To be more specific, last week's episode, 'Phone Home,' was an absolute triumph because of how it engaged with that episode's theme. This week's episode, in contrast, was a masterclass in plotting. They are very different disciplines, as a comparison of this and last week's episode will show, and yet both of them are perfectly valid paths to incredible television.

To set it out up front – this week's didn't really have a theme, per-se. The closest it really got to a theme was a consistent dedication to misdirection. What it did have, however, was a near-perfect example of how to use multiple plotlines against one another – spurring action in one, echoing them in another, and above all, all working together toward a common end.

This, for the record, is a palpable rebuke to what I was criticizing in 'Zari.'  There, all of the plotlines were happening at once with no regard to one another. Here... well, let's take a look at that...

Zari is suffering from survivor's guilt, because she ran away and left her brother to die.  Now she's on a time travelling ship, so she wants to change that.  This runs up against...

Sara, who had to let her sister die.  More than that, she had to return Darhk to the timeline, thus ensuring that her sister would die.  Her discussion with Zari not only underlined that connection, it also reminded us about Darhk and his connection to their world.  This puts her in opposition to Zari.  Which is in contrast to....

Amaya, who has an amulet that is somehow connected to Zari's amulet.

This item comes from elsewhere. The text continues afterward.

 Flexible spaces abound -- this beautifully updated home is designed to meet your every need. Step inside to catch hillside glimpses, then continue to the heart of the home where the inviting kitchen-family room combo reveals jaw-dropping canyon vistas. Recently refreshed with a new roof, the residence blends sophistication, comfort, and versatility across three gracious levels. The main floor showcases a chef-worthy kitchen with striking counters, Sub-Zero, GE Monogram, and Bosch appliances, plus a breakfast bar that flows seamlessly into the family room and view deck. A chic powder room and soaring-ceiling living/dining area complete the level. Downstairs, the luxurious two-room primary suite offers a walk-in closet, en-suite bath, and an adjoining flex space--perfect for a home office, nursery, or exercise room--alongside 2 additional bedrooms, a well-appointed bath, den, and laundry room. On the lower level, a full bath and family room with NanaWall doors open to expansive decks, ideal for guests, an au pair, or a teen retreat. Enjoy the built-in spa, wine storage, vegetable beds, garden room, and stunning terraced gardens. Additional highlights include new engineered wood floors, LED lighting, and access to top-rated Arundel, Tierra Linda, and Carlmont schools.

She hasn't told Zari that yet, until we see her accidentally connect their amulets in direct response to Zari's confrontation with Sara.  She doesn't understand how the amulet connects, nor has she really dealt with...

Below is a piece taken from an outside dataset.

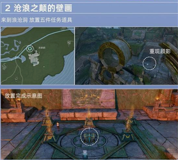2、沧浪之巅的笔画,来到沧浪洞,放下五件任务道具即可

Nate, who loves Amaya and doesn't understand either why she left nor why she's come back.  His power is intrinsic to him and he has absolutely no conception of either amulets nor connection to family.  Which puts him directly in the path of...

Rip, who has never (as Sara correctly noted) belonged to a secret society that he didn't betray at the first moment that he needed to.  He uses Nate as bait in the path of Mallus.  Which could have been headed off by...

Ray, who is so committed here to helping Jax in his quest to separate the two halves of firestorm that he gets separated from the main thrust of the A-plot.  They're so committed to this goal that he completely misses out on the plotline where Ray (his best friend) is held captive by the enemy.  This is because he is so committed to helping...

Jax, who is so concerned with doing the right thing for Martin that he allows his own memory to be compromised if it means achieving a happy end for...

Martin, who wants desperately to be with his grandson, but equally does not want to let his team (and particularly Jax) down.  When he finds out what Jax is doing behind his back, he's furious, but quickly forgives Jax and gets on the same page in the epilogue.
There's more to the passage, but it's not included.